The administration of US President Donald Trump on March 8 detained Khalil, a prominent figure in the pro-Palestinian campus protests that rocked the New York City campus last year, and sent him to Louisiana in an attempt to remove him from the country, Reuters said.

The case has drawn attention as a test of free speech rights, with supporters of Khalil saying he was targeted for publicly disagreeing with US policy on Israel and its occupation of Gaza.

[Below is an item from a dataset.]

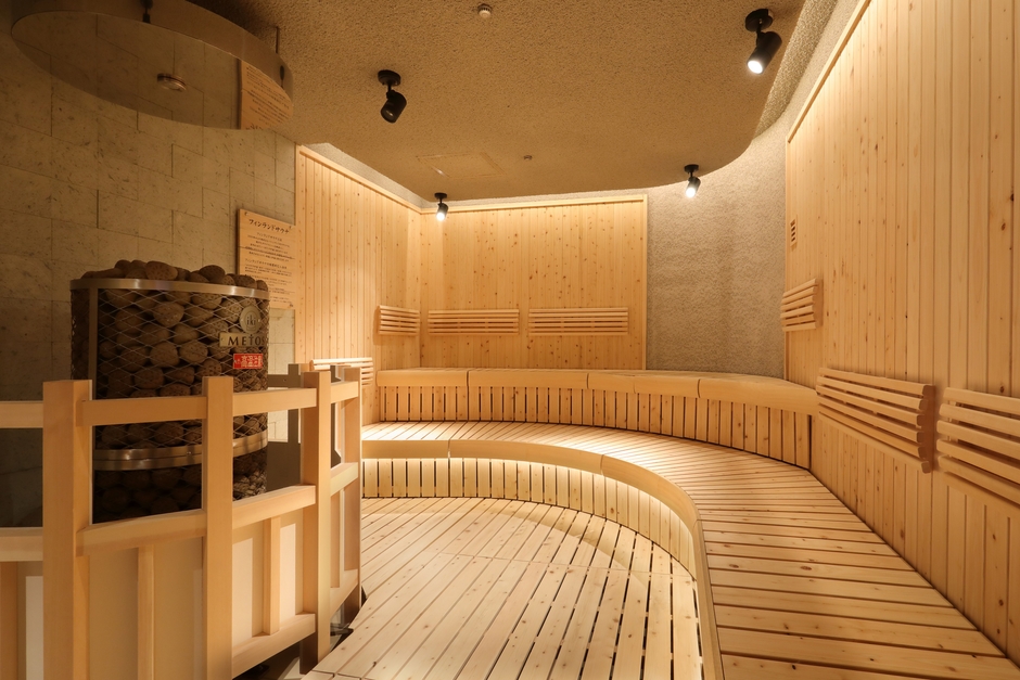 男湯・女湯ともに設置されている、90℃前後の本格フィンランド式ドライサウナは香しいヒノキの香りでリラックス。

Khalil has called himself a political prisoner.

The US alleges Khalil's presence or activities in the country would have serious foreign policy consequences.

A judge has ordered Khalil not to be deported while his lawsuit challenging his detention, known as a habeas petition, is heard in another federal court.

Khalil, a native of Syria and citizen of Algeria, entered the US on a student visa in 2022 and later filed to become a permanent resident in 2024.

In a court brief dated Sunday, the US government outlined its arguments for keeping Khalil in custody while his removal proceedings continue, arguing first that the US District Court in New Jersey, where the habeas case is being heard, lacked jurisdiction.

The brief also says Khalil "withheld membership in certain organizations" which should be grounds for his deportation.

It references a March 17 document in his deportation case that informed Khalil he could be removed because he failed to disclose that he was a political officer of UNRWA in 2023.

The UN said in August an investigation found nine of the agency's 32,000 staff members may have been involved in the October 7 attacks.

The US court notice also accuses Khalil of leaving off his visa application that he worked for the Syria office in the British embassy in Beirut and that he was a member of the group Columbia University Apartheid Divest.

Attorneys for Khalil did not immediately respond to a request for comment.

One attorney, Ramie Kassem, a co-director of the legal clinic CLEAR, was quoted in the New York Times as saying the new deportation grounds were "patently weak and pretextual."

"That the government scrambled to add them at the 11th hour only highlights how its motivation from the start was to retaliate against Mr. Khalil for his protected speech in support of Palestinian rights and lives," Kassem said, according to the Times.